***** Records for the task *****

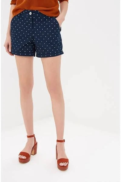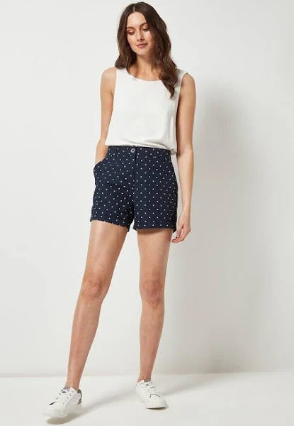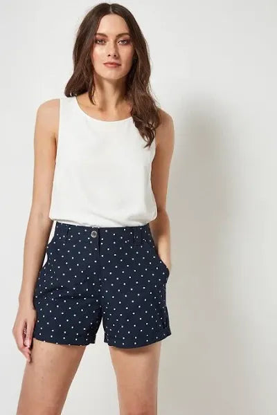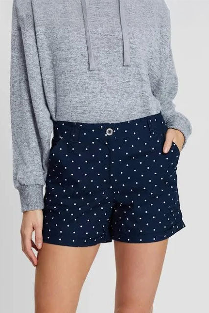 Bounce into summer with these classic navy spotted shorts. Made from breathable pure cotton, they feature convenient slant front pockets and a stylish back mock welt pocket. The roll-up hem adds a casual, customizable touch to your warm-weather wardrobe. Perfect for mixing and matching with your favourite summer tops!
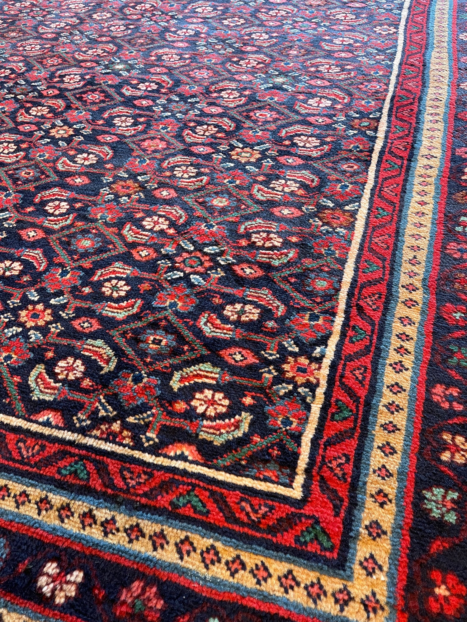Handgeknoopt tapijt gemaakt van zuivere scheerwol.
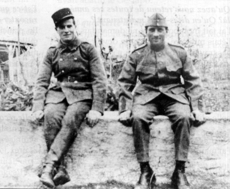 Maurice Decorzant, en uniforme de l’armée française, coiffé de son képi, pose aux côtés de l’un de ses frères, vêtu de l’uniforme de l’armée suisse. Né dans une famille franco-suisse, Maurice Decrozant avait opté à sa majorité pour la nationalité française, à la différence de ses frères qui ont choisi la nationalité suisse.
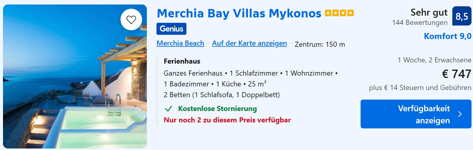 Auch wenn Mykonos den Ruf als überteuerte Insel der Stars und Sternchen hat, könnt ihr hier zu durchaus akzeptablen Preisen einen tollen Urlaub verbringen. Etwas außerhalb der Partybrennpunkte findet ihr zahlreiche Ferienwohnungen und Häuser mit Pool in schöner Lage oberhalb des Meeres.
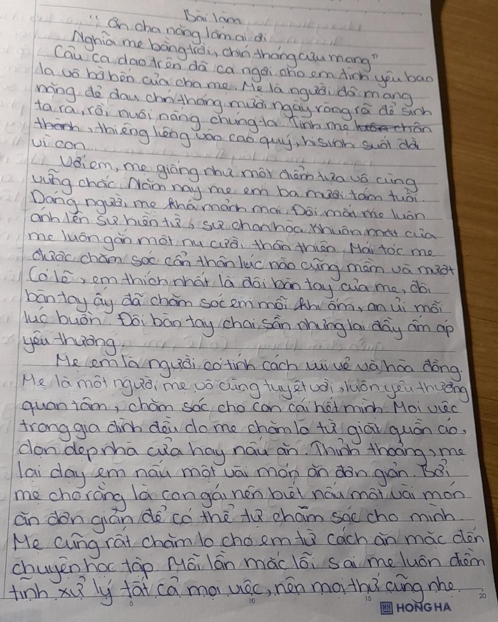 Sau đó, em liền ra bếp ăn cơm. Ở đó, bố cũng đang ngồi chờ em bằng ánh mắt hiền từ. Vậy là em vừa ăn, vừa cười nói, nụ cười rạng rỡ lại trở về trên khuôn mặt vẫn còn chưa khô nước mắt của em. Sau lần ấy, em lại càng thêm yêu quý mẹ của mình hơn. Mỗi ngày, em luôn cố gắng nỗ lực hết sức mình để làm cho mẹ vui vẻ. Vì em muốn mẹ sẽ được tự hào về em. Ngoài ra, vào những thời gian rảnh, em còn giúp mẹ làm việc nhà như quét nhà, nấu cơm, rửa bát, phơi áo quần… để mẹ có thời gian được nghỉ ngơi.

*****

**Problem details:** The answer should contain only the lines from the start of the records above through the line with "Handgeknoopt tapijt gemaakt", copied exactly, and no pictures.

**Reply:**
 Bounce into summer with these classic navy spotted shorts. Made from breathable pure cotton, they feature convenient slant front pockets and a stylish back mock welt pocket. The roll-up hem adds a casual, customizable touch to your warm-weather wardrobe. Perfect for mixing and matching with your favourite summer tops!
Handgeknoopt tapijt gemaakt van zuivere scheerwol.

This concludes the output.